# Dawes super galaxy question



## caminsk (6 May 2009)

hello everybody 

this is my first post here!

i´ve been looking for a touring bicycle for a while. A couple of days ago i went to a very small bicycle shop close to were i live just to have a look
and for my surprise they had a Dawes super galaxy 54cm (witch is exacly my size) 
so i went back home to get the money and bought it. 

im really happy with it the bicycle is in a incredible good condition

the guy from the shop couldnt tell much about it 
(i dont think he even knew what kind of bike it was )
the only thing he knew was that a couple from Holland came to Barcelona cycling and after they decided to sell both bikes and go back by plane.

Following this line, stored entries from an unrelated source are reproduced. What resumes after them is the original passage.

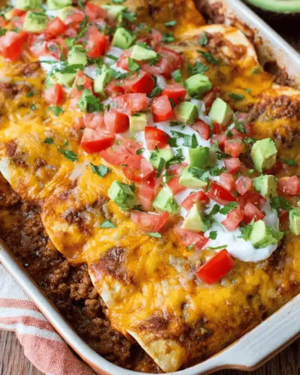 In conclusion, these easy ground beef enchiladas combine simplicity and flavor for a weeknight dinner perfect for any occasion. Made with wholesome ingredients and customizable toppings, they’re a crowd-pleaser that can also be frozen for future meals. Enjoy this delightful recipe with friends and family!
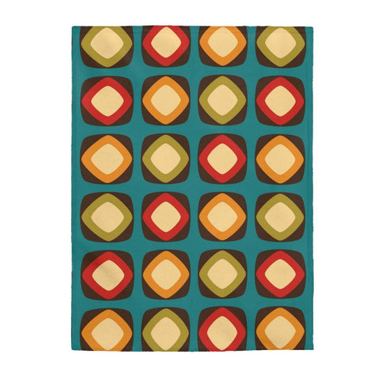 Retro Mid Century Rounded Squares Multicolor Velveteen Lightweight Blanket
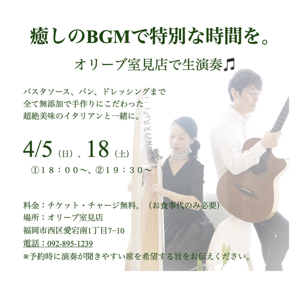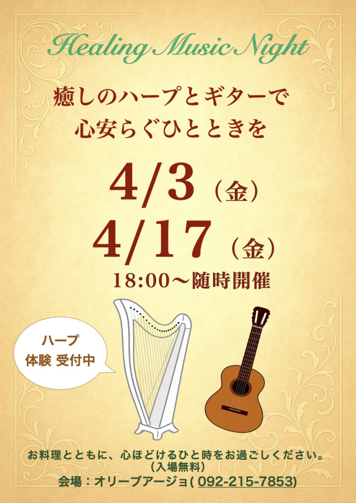 18:00〜22:30の間で、随時ハープ&ギター演奏
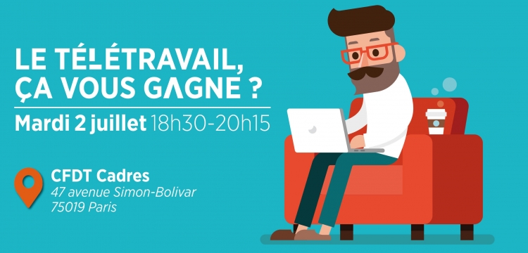Jeunes professionnels...lors de notre afterwork du mardi 2 juillet (18h30), parlez-nous de votre situation, de vos craintes et de vos souhaits en matière de télétravail. Confrontez vos points de vue avec la CFDT Cadres et entre pairs dans nos locaux : au 47 avenue Simon-Bolivar, 75019 Paris en présence de :
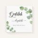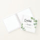 A white background color. Decorated with elegant eucalyptus greenery sprigs. Add a name and text.
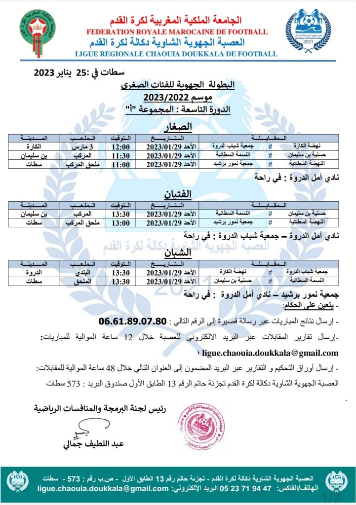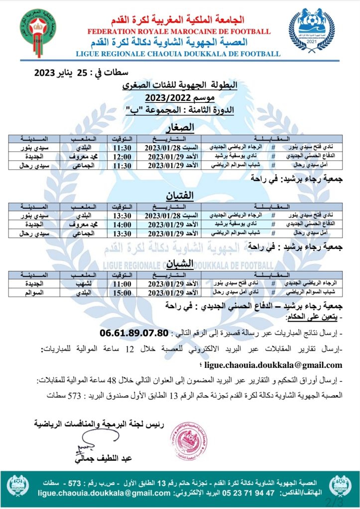 الرئيسية/مسابقات/2- بطولات الفئات العمرية/برنامج البطولة الجهوية للفئات الصغرى 2- بطولات الفئات العمرية برنامج البطولة الجهوية للفئات الصغرى يناير 25, 2023 176 فيسبوك تويتر واتساب تيلقرام مشاركة عبر البريد طباعة يناير 25, 2023 176 فيسبوك تويتر واتساب تيلقرام مشاركة عبر البريد طباعة اظهر المزيد شاركها فيسبوك تويتر واتساب تيلقرام مشاركة عبر البريد طباعة
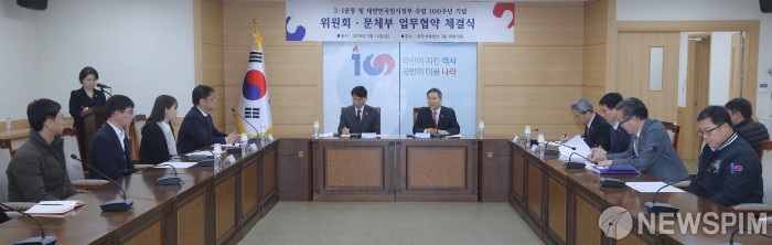 [서울=뉴스핌] 윤창빈 기자 = 15일 오전 서울 종로구 정부서울청사에서 ‘위원회-문체부 3.1운동 및 대한민국임시정부 수립 100주년 기념사업추진위원회 업무협약 체결식’이 열리고 있다. 2019.02.15 pangbin@newspim.com
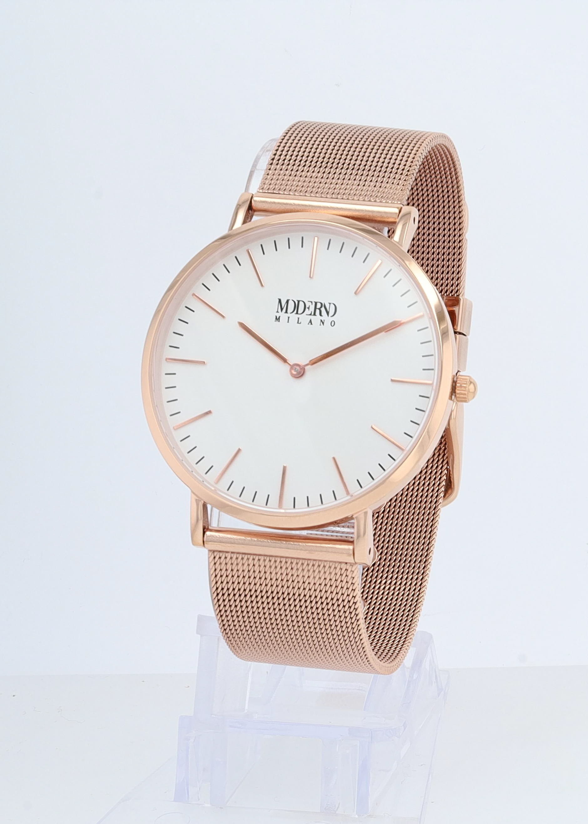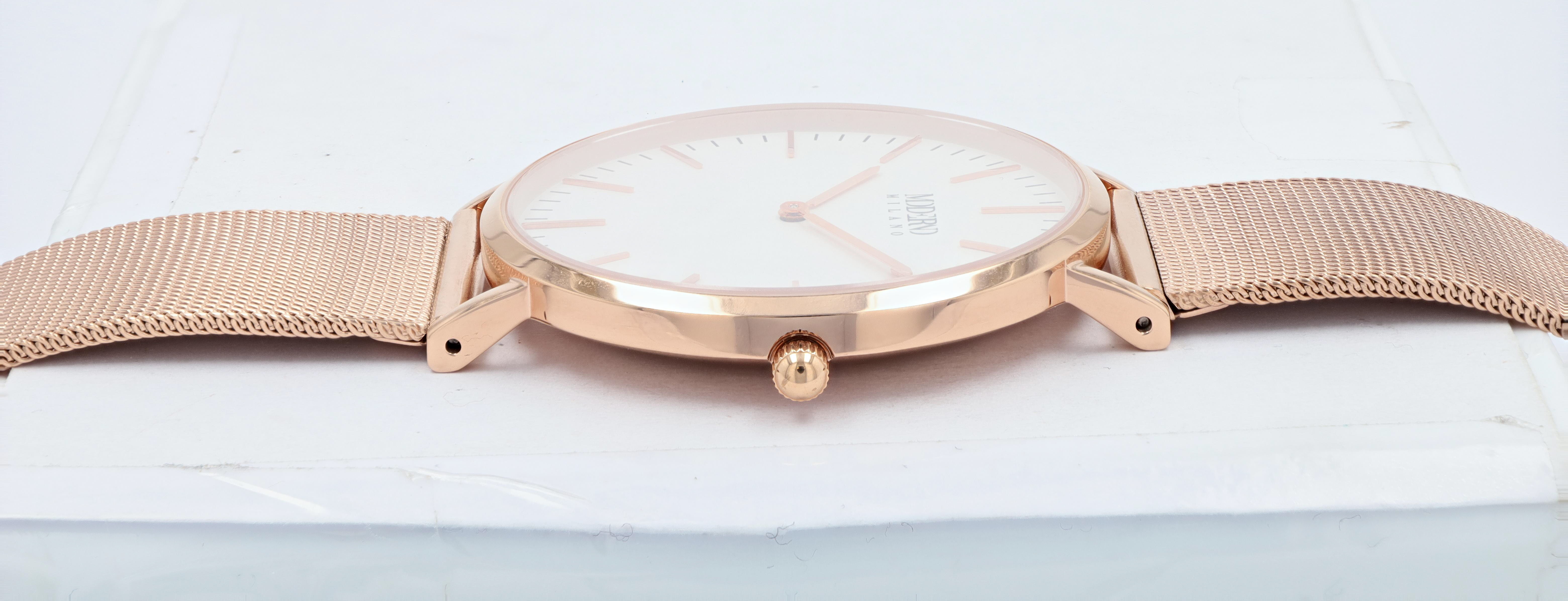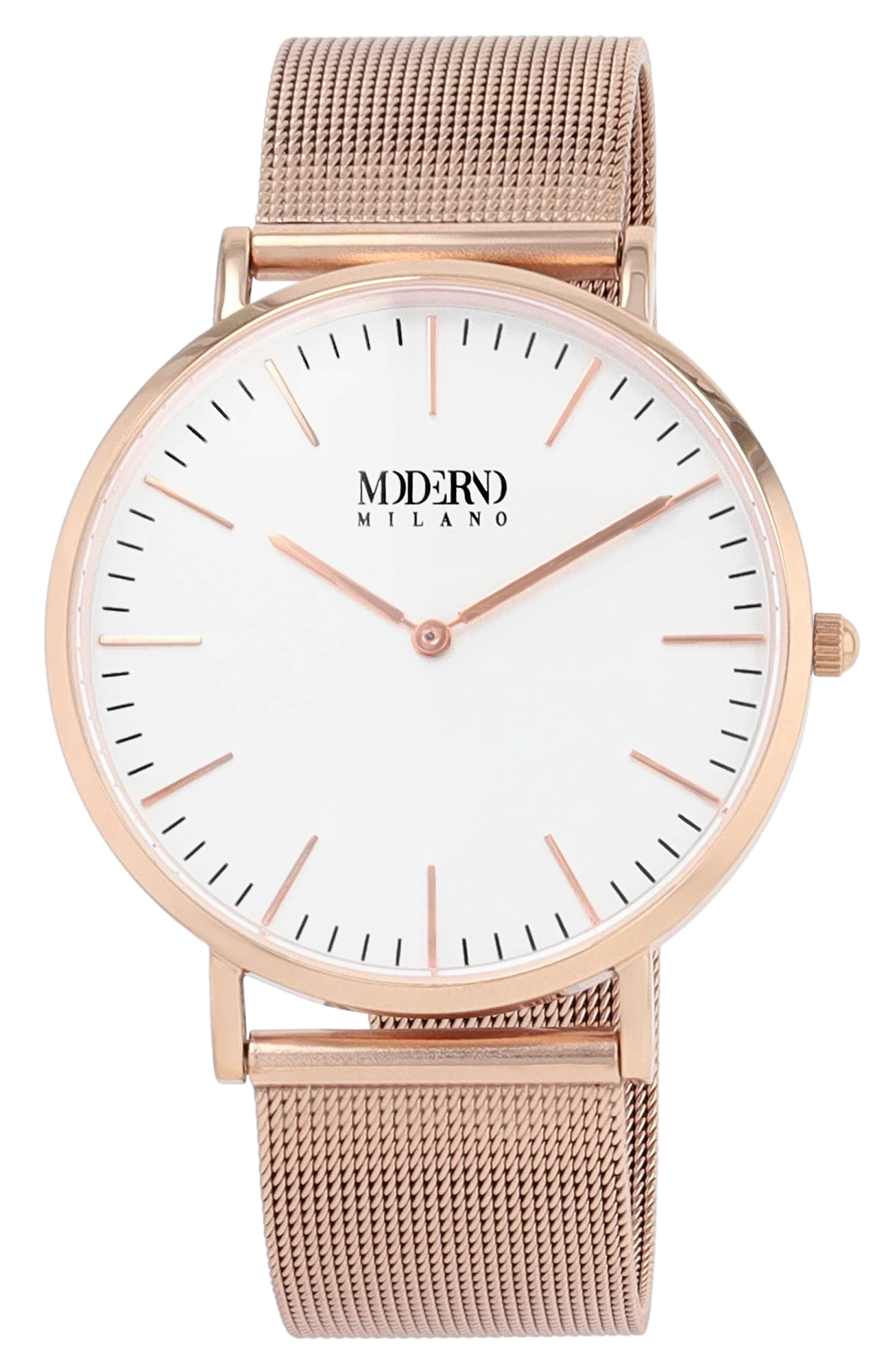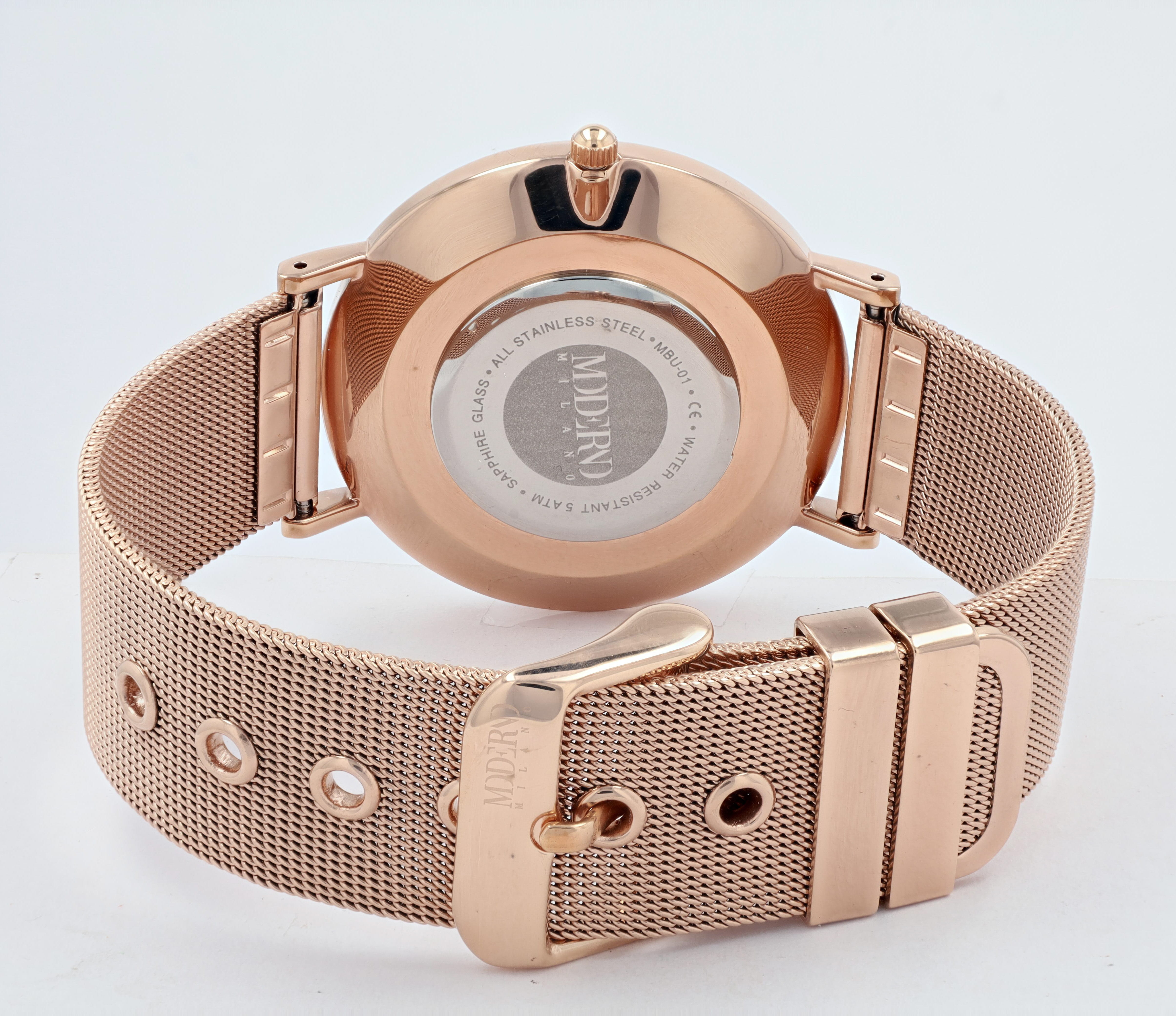 Productinformatie "Moderno Milano Edelstahl Herrenuhr Ø 41 mm, Meshband, Saphirglas, rosegoldfarben"

the specifications i could get from what i can see are:

dawes super galaxy
Colour: dark red
Weight: 13.4kg
Sizes: 54cm
Frame: Reynolds 853
Fork: (???)
Headset: shimano deore lx
Shifters: shimano (???)
Rear Derailleur: shimano fd4403 
Front Derailleur: shimano rdm510
Chain: ???
Freewheel: ???
Front Hub: shimano parallax h-mc12
Rear Hub: migoki
Rims: mavic t224 front, rigida zac 2000 rear
Spokes: ???
Tyres: Schwalbe Marathon, Kevlar guard 700x32c
Chainwheel: ???
Bottom Bracket: shimano fcm 510
Brakes: tektro oryx
Brake Levers: shimano (???)
Handlebar: ???
Stem: ???
Seatpost: uno ultralite
Saddle: selle monte grappa
Grips: ???
Pedals: shimano pd a530
Mudguards: ???
Carrier: zefal 


does anybody knows how old this bicycle can be???


some pictures at:

http://picasaweb.google.com/caminsk/DawesSuperGalazy#5332738351326158434


thanks 


best regards


----------



## Davidc (6 May 2009)

I think you should apologise to the shop owner for ripping him off!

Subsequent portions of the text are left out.